#### PROMPT:
Where the records below reach the line containing "멋진 저녁노을이 아름답습니다.(2025.6.5.목.)", start transcribing, and end with the line containing "2025年甘肃钢铁职业技术学", exactly and with nothing else added.
_ _ _ _ _
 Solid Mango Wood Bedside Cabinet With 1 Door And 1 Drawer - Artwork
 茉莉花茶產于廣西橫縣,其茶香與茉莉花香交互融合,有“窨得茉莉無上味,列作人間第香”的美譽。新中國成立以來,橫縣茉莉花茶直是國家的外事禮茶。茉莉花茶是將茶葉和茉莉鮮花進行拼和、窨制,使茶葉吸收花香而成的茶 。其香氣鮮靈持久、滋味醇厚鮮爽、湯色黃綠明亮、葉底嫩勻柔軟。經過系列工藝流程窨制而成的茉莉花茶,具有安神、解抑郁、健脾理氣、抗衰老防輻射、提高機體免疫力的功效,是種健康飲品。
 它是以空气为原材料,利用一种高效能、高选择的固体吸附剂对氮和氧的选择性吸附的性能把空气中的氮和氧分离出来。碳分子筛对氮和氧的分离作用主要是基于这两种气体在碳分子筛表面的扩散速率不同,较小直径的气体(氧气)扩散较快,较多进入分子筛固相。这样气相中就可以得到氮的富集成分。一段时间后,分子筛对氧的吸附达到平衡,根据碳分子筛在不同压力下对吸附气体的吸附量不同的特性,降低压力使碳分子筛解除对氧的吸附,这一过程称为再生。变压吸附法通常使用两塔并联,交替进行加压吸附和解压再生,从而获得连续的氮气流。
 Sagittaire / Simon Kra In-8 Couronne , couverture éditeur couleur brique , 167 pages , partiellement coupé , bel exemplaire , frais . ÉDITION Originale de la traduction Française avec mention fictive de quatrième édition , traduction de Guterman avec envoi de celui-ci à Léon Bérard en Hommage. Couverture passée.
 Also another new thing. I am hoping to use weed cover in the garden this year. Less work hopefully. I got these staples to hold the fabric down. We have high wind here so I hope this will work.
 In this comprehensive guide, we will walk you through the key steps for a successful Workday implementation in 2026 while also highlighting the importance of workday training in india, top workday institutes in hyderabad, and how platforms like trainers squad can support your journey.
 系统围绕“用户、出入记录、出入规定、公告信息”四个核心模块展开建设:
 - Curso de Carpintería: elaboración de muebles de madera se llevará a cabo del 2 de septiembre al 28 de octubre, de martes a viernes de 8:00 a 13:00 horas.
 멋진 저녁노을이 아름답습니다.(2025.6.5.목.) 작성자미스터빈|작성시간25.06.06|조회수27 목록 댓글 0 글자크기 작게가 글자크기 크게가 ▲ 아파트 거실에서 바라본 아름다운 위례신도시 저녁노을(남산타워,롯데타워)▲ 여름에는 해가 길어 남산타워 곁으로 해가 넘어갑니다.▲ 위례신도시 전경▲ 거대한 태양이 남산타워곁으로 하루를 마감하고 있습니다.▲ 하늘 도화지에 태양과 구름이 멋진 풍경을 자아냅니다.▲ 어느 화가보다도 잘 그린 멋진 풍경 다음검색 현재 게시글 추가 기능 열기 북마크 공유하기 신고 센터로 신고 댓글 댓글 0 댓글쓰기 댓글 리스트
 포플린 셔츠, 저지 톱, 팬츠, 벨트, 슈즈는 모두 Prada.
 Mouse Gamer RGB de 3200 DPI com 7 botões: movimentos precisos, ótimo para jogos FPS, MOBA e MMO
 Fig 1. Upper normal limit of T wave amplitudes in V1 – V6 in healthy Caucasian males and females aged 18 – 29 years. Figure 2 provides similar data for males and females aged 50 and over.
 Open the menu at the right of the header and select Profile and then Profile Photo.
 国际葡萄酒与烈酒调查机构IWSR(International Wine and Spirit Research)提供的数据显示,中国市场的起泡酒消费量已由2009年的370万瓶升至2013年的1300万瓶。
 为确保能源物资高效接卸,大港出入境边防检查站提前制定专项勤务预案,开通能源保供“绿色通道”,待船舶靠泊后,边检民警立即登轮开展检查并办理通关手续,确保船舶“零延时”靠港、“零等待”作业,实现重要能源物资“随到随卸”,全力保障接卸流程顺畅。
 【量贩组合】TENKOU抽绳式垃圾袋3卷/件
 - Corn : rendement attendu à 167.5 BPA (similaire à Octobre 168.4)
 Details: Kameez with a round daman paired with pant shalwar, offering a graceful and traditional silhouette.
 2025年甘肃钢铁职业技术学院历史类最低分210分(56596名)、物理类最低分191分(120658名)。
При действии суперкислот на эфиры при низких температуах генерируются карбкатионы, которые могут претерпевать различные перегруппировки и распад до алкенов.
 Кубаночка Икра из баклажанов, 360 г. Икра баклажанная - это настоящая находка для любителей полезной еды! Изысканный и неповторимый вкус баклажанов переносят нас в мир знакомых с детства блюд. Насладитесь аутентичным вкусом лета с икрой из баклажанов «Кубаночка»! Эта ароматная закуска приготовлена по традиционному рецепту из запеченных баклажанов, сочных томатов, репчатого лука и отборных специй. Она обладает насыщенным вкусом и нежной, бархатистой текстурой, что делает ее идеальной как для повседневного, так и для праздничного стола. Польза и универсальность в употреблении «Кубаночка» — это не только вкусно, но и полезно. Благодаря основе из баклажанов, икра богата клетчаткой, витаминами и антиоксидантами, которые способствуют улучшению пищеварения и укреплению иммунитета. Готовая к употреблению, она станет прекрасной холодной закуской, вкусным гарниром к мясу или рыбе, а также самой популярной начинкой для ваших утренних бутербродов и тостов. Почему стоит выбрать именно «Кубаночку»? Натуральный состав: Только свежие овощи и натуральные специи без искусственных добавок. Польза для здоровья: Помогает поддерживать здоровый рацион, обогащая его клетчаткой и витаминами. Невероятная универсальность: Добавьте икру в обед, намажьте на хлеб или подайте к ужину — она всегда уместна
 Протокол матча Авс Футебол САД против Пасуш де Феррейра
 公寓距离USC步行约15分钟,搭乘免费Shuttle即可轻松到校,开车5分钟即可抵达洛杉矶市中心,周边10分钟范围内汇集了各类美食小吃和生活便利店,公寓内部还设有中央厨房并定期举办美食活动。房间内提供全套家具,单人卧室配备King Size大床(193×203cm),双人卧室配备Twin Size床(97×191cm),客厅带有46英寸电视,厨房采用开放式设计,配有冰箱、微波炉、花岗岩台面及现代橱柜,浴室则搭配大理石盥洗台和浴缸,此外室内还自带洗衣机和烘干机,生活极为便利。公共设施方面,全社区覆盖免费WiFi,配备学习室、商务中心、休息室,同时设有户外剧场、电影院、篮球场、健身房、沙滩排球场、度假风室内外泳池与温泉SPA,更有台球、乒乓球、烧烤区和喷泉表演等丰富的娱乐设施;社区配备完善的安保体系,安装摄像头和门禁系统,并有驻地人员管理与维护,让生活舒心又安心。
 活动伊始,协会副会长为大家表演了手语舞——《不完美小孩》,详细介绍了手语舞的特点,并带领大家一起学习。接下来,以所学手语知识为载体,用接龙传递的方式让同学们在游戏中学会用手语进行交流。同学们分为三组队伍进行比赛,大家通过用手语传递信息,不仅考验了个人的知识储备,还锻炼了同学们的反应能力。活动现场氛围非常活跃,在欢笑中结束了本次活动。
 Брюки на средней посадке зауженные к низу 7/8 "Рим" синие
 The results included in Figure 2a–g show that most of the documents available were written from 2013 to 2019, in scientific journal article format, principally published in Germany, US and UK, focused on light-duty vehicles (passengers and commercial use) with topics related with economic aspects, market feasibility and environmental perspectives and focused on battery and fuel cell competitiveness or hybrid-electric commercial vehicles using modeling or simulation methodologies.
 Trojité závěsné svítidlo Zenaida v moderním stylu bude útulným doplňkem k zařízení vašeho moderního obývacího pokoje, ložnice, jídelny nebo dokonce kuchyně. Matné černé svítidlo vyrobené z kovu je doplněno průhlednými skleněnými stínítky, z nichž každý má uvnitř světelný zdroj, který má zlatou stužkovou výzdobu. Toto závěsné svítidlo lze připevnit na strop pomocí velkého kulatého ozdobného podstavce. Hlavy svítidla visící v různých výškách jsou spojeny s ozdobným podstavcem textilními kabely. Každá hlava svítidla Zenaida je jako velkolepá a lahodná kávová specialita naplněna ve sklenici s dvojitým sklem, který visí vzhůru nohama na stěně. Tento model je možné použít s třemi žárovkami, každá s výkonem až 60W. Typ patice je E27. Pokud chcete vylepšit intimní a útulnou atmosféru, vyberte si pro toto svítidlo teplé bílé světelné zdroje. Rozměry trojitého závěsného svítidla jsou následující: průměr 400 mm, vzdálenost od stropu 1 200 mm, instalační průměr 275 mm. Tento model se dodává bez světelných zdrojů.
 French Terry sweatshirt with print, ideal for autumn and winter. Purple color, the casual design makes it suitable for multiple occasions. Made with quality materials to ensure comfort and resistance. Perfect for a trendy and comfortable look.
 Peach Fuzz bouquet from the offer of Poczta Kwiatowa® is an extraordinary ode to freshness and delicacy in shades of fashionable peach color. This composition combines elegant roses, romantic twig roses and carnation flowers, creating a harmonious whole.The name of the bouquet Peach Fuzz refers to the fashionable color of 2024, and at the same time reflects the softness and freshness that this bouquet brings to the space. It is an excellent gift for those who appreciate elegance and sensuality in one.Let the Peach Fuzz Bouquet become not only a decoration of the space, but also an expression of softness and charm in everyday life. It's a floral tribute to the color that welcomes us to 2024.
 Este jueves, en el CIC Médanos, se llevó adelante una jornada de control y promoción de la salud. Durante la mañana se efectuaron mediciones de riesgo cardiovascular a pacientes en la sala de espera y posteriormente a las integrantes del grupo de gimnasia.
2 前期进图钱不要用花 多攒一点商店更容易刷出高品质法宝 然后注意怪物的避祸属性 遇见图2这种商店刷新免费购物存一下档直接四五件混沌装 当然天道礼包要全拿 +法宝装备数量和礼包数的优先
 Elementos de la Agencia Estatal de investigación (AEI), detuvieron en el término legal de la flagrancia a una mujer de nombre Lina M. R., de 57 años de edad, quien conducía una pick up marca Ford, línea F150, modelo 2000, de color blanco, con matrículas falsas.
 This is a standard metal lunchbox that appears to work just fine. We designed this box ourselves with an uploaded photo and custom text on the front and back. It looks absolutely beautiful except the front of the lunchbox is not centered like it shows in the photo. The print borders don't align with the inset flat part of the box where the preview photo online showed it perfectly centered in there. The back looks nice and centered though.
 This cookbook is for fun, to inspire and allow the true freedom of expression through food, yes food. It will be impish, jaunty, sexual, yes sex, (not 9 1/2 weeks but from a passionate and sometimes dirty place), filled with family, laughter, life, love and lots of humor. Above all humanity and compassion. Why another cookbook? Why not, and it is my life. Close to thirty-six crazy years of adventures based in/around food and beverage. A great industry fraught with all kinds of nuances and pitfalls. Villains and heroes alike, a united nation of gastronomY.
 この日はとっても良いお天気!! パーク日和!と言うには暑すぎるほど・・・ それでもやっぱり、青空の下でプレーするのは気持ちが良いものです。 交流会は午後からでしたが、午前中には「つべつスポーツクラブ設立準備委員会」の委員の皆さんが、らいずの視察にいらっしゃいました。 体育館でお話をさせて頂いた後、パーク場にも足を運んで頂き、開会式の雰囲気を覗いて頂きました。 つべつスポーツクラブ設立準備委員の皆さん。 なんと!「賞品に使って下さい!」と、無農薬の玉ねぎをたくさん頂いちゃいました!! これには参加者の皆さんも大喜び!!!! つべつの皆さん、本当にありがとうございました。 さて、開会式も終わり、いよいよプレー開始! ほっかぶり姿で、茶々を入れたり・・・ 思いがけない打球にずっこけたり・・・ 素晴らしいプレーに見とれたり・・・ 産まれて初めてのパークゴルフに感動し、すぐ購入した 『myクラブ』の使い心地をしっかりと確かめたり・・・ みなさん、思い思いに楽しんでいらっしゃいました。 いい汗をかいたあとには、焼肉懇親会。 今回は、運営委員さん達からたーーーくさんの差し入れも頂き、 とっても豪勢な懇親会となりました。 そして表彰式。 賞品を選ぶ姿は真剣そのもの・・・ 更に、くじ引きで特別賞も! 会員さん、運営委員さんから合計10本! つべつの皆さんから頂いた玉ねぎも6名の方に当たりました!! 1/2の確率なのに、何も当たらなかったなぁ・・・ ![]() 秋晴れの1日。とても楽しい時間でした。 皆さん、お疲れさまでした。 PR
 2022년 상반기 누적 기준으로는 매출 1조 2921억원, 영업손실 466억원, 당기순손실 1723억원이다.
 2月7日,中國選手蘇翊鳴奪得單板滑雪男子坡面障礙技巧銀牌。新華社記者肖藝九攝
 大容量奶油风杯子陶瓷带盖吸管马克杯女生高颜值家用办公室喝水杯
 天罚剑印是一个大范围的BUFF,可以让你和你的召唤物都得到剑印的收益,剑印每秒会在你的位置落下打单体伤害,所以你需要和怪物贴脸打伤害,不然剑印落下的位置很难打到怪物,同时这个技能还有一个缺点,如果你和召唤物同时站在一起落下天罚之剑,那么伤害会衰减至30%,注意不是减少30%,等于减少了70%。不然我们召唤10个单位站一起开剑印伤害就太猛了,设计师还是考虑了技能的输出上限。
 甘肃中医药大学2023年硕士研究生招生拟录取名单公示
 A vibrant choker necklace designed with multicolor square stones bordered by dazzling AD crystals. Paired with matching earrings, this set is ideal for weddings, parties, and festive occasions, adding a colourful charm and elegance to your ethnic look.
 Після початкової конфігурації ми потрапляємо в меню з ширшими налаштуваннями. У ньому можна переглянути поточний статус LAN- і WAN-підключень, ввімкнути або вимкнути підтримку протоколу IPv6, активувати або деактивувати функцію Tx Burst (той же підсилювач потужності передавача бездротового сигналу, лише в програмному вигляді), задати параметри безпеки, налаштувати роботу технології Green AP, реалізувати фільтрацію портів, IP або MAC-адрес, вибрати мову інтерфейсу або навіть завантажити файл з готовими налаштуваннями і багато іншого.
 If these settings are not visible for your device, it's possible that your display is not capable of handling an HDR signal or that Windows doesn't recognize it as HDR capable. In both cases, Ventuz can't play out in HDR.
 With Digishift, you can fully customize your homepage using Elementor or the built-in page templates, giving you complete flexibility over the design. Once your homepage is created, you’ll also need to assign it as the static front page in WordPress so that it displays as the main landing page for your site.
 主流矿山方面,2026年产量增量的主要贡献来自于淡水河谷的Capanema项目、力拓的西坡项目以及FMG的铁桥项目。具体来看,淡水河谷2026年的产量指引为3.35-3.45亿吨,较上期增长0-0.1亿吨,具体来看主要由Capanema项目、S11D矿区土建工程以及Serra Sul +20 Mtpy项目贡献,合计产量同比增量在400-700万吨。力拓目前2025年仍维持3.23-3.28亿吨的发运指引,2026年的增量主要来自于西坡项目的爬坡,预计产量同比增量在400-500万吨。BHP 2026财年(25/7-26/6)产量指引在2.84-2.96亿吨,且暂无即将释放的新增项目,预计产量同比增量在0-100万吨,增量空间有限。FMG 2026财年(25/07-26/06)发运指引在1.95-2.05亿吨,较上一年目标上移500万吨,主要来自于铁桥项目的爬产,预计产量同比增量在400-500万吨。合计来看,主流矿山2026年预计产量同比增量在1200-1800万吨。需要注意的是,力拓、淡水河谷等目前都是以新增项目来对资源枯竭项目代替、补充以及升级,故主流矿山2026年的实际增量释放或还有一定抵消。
_ _ _ _ _
#### ANSWER TO THIS TASK:
 멋진 저녁노을이 아름답습니다.(2025.6.5.목.) 작성자미스터빈|작성시간25.06.06|조회수27 목록 댓글 0 글자크기 작게가 글자크기 크게가 ▲ 아파트 거실에서 바라본 아름다운 위례신도시 저녁노을(남산타워,롯데타워)▲ 여름에는 해가 길어 남산타워 곁으로 해가 넘어갑니다.▲ 위례신도시 전경▲ 거대한 태양이 남산타워곁으로 하루를 마감하고 있습니다.▲ 하늘 도화지에 태양과 구름이 멋진 풍경을 자아냅니다.▲ 어느 화가보다도 잘 그린 멋진 풍경 다음검색 현재 게시글 추가 기능 열기 북마크 공유하기 신고 센터로 신고 댓글 댓글 0 댓글쓰기 댓글 리스트
 포플린 셔츠, 저지 톱, 팬츠, 벨트, 슈즈는 모두 Prada.
 Mouse Gamer RGB de 3200 DPI com 7 botões: movimentos precisos, ótimo para jogos FPS, MOBA e MMO
 Fig 1. Upper normal limit of T wave amplitudes in V1 – V6 in healthy Caucasian males and females aged 18 – 29 years. Figure 2 provides similar data for males and females aged 50 and over.
 Open the menu at the right of the header and select Profile and then Profile Photo.
 国际葡萄酒与烈酒调查机构IWSR(International Wine and Spirit Research)提供的数据显示,中国市场的起泡酒消费量已由2009年的370万瓶升至2013年的1300万瓶。
 为确保能源物资高效接卸,大港出入境边防检查站提前制定专项勤务预案,开通能源保供“绿色通道”,待船舶靠泊后,边检民警立即登轮开展检查并办理通关手续,确保船舶“零延时”靠港、“零等待”作业,实现重要能源物资“随到随卸”,全力保障接卸流程顺畅。
 【量贩组合】TENKOU抽绳式垃圾袋3卷/件
 - Corn : rendement attendu à 167.5 BPA (similaire à Octobre 168.4)
 Details: Kameez with a round daman paired with pant shalwar, offering a graceful and traditional silhouette.
 2025年甘肃钢铁职业技术学院历史类最低分210分(56596名)、物理类最低分191分(120658名)。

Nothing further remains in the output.